The cutoff is published for each model, but it's not a clean line — data from just before the cutoff is underrepresented compared to older data (the internet takes time to process and discuss events). Models are often less reliable about the year preceding their cutoff than about things from several years earlier.

Hallucination is not a bug

The word "hallucination" gets used as if it describes an anomaly. It describes the default behavior of the architecture.

When a model generates a citation that doesn't exist, it's doing exactly what it was trained to do: producing a sequence of tokens that looks like a valid citation, based on the patterns of how citations are structured in its training data. The model isn't checking against a database of real papers. There is no such check in the architecture.

The same applies to statistics, dates, names, addresses, code behavior, and legal facts. The model generates plausible continuations. Plausibility is not accuracy.

This doesn't mean LLMs are useless for factual tasks. It means the right use of an LLM for factual tasks requires a different architecture — one that separates retrieval of real data from generation of language.

The right mental model

Think of an LLM as an expert reasoner with no access to recent documents and an imperfect memory.
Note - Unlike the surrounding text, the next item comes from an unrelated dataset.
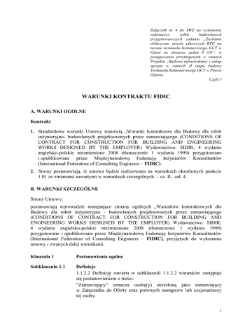Załącznik nr 4 do SWZ na wyłonienie wykonawcy robót budowlanych przygotowawczych zadania „Zasilanie elektryczne suwnic placowych RTG na terenie terminalu kontenerowego GCT w Gdyni na obszarze zadań 9 i10”- w postępowaniu przetargowym w ramach Projektu „Budowa infrastruktury i zakup sprzętu w ramach II etapu budowy Terminalu Kontenerowego GCT w Porcie Gdynia. Część I WARUNKI KONTRAKTU FIDIC A. WARUNKI OGÓLNE Kontrakt 1. Standardowe warunki Umowy stanowią „Warunki kontraktowe dla Budowy dla robót inżynieryjno- budowlanych projektowanych przez zamawiającego (CONDITIONS OF CONTRACT FOR CONSTRUCTION FOR BUILDING AND ENGINEERING WORKS DESIGNED BY THE EMPLOYER) Wydawnictwo: SIDIR; 4 wydanie angielsko-polskie niezmienione 2008 (tłumaczenie 1 wydania 1999) przygotowane i opublikowane przez Międzynarodową Federację Inżynierów Konsultantów (International Federation of Consulting Engineers – FIDIC). 2. Strony postanawiają, iż umowa będzie realizowana na warunkach określonych punkcie 1.01 ze zmianami zawartymi w warunkach szczególnych. – cz. II, zał. 4. B. WARUNKI SZCZEGÓLNE Strony Umowy: postanawiają wprowadzić następujące zmiany ogólnych „Warunków kontraktowych dla Budowy dla robót inżynieryjno - budowlanych projektowanych przez zamawiającego (CONDITIONS OF CONTRACT FOR CONSTRUCTION FOR BUILDING AND ENGINEERING WORKS DESIGNED BY THE EMPLOYER) Wydawnictwo: SIDIR; 4 wydanie angielsko-polskie niezmienione 2008 (tłumaczenie 1 wydania 1999) przygotowane i opublikowane przez Międzynarodową Federację Inżynierów Konsultantów (International Federation of Consulting Engineers – FIDIC), przyjętych do wykonania umowy - zwanych dalej warunkami. Klauzula 1 Postanowienia ogólne Subklauzula 1.1 Definicje 1.1.2.2 Definicję zawarta w subklauzuli 1.1.2.2 warunków zastępuje się postanowieniem o treści: “Zamawiający” oznacza osobę(y) określoną jako zamawiający w Załączniku do Oferty oraz prawnych następców lub cesjonariuszy tej osoby. 1 1.1.3.1 Definicja zawarta w subklauzuli 1.1.3.1 warunków – nie ma zastosowania do umowy. Subklauzula 1.5 Kolejność pierwszeństwa dokumentów Ostatni akapit subklauzuli 1.5 warunków zastępuje się postanowieniem o treści: Jeśli w dokumentach stwierdzona zostanie nieścisłość lub rozbieżność to Inżynier będzie miał prawo do wydania wszelkich poleceń, jakie uzna za konieczne dla wyjaśnienia nieścisłości czy rozbieżności. Subklauzula 1.7 Cesja Treść subklauzuli 1.7 warunków zastąpić postanowieniem o treści: (a) Wykonawca nie dokona cesji Kontraktu ani jakichkolwiek praw z niego bez pisemnej zgody Zamawiającego. Cesja taka zostanie dokonana w formie zaakceptowanej przez Zamawiającego. (b) Zamawiający będzie mieć prawo do dokonania cesji Kontraktu lub części lub całości praw i korzyści z niego wynikających bez uprzedniej zgody Wykonawcy. Ponadto, każda ze stron stanowiących Zamawiającego będzie mieć prawo do cesji całości lub części swoich praw i korzyści z Kontraktu bez uprzedniej zgody Wykonawcy. Po Subklauzuli 1.14 warunków dodać subklauzulę 1.15 o treści: Subklauzula 1.15 Szczegóły poufne Z wyjątkiem zakresu, w jakim będzie to niezbędne w celu wykonania obowiązków wynikających z niniejszego Kontraktu lub przestrzegania obowiązującego prawa, Wykonawca zachowa szczegóły niniejszego Kontraktu, jako prywatne i poufne. Wykonawca nie opublikuje, nie zezwoli na opublikowanie ani nie ujawni żadnych szczegółów Robót w jakimkolwiek piśmie branżowym lub technicznym ani gdziekolwiek indziej bez uprzedniego uzgodnienia z Zamawiającym. Klauzula 3 Inżynier Subklauzula 3.1 Obowiązki i zakres uprawnień Inżyniera Na końcu subklauzuli 3.1 warunków dodać postanowienie treści: “Podjęcie działań w oparciu o następujące Subklauzule niniejszych Warunków, będzie wymagało uzyskania przez Inżyniera pisemnej zgody Zamawiającego”. (a) Subklauzula 13.1 Prawo do zmian – Przyspieszenie Robót; (b) Subklauzula 13.3 Procedury zmian - Przyspieszenie Robót. Ponadto, Inżynier zobowiązany jest uzyskać pisemną zgodę Zamawiającego przed skorzystaniem ze swych uprawnień w odniesieniu do jakiejkolwiek Zmiany pociągającej za sobą jakikolwiek wydatek. 2 Subklauzula 3.4 Zmiana Inżyniera Treść subklauzuli 3.4 warunków zastąpić postanowieniem o treści: Jeśli Zamawiający będzie zamierzał dokonać zmiany Inżyniera, poinformuje on, z co najmniej 14–dniowym wyprzedzeniem, Wykonawcę o nazwie, adresie oraz istotnym doświadczeniu nowego Inżyniera. Wykonawca nie będzie mieć prawa do zgłaszania zastrzeżeń wobec nowego Inżyniera. Klauzula 4 Wykonawca Subklauzula 4.2 Zabezpieczenie Wykonania Pierwszy akapit subklauzuli 4.2 zastąpić postanowieniem o treści: Wykonawca na własny koszt uzyska i przedłoży w ciągu 14 dni od Daty Listu Akceptującego Zabezpieczenie Wykonania gwarantujące należyte wykonanie w kwocie i walucie określonej w Załączniku do Oferty oraz według wzoru zamieszczonego w Zestawieniu 2. Na końcu subklauzuli 4.2 dodać postanowienie o treści: W przypadku nie przedstawienia wymaganych w subklauzuli 4.2 dokumentów w określonym czasie, Zamawiający będzie miał prawo do wstrzymania, w całości lub części, którejkolwiek bądź wszystkich płatności należnych na podstawie Kontraktu do czasu pełnego wykonania niniejszej Subklauzuli bez prawa Wykonawcy do wstrzymania robót. Subklauzula 4.10 Dane o Terenie Budowy Usunąć treść subklauzuli 4.10 i zastąpić postanowieniem o treści: Uznaje się, iż Wykonawca dokonał badania i inspekcji Terenu Budowy oraz jego sąsiedztwa i uzyskał przed złożeniem oferty zadowalającą go wiedzę odnośnie istniejącego dostępu drogowego lub innych środków komunikacji i dostępu do Terenu Budowy, warunków hydrologicznych i klimatycznych, gruntowych, sztucznych przeszkód, ze wszelkich źródeł i warunków przez nie tworzonych, formy i charakteru Terenu Budowy

Ask it to explain a concept, structure an argument, synthesize multiple perspectives, write code, translate, or reason over something you've given it — it's excellent at these. These are tasks where the quality of reasoning matters more than access to ground truth.

Ask it to tell you what happened last week, whether a specific fact is true, or what a specific document says (without giving it the document) — these are tasks where you need data, not reasoning. An LLM alone is the wrong tool.

What RAG does

RAG (Retrieval-Augmented Generation) is the standard architectural answer to this problem. Instead of asking the model to recall facts from its weights, you:

  1. Retrieve relevant documents from a database you control (recent, verified, specific)
  2. Inject those documents into the model's context window
  3. Ask the model to reason over the provided documents

The model's job becomes reasoning and synthesis over real data you supplied — not recalling compressed patterns from training. The knowledge comes from your database. The reasoning comes from the model. These two responsibilities are cleanly separated.

This is why RAG dramatically reduces hallucinations on factual questions: the model is no longer asked to generate facts from memory. It's asked to extract and synthesize facts from documents it can actually see.

See the RAG deep dive for the full technical breakdown.

What this means in practice

When you use an LLM:

  • Don't verify outputs by asking the same model again. The model will confirm its own confabulations fluently.
  • Treat confidence of phrasing as unrelated to accuracy. A model can be maximally confident and maximally wrong simultaneously.
  • For factual tasks, give the model the documents. Paste in the relevant text, policy, or data. RAG automates this at scale.
  • For reasoning tasks, LLMs are powerful. Analysis, synthesis, writing, code generation — these are not ground-truth tasks and LLMs excel at them.
  • Different models, different answers. If a question matters, cross-check across models and treat disagreement as a signal to verify externally.

The mental model shift: stop thinking of an LLM as a search engine that knows things. Start thinking of it as a powerful reasoning engine that needs you to supply the data.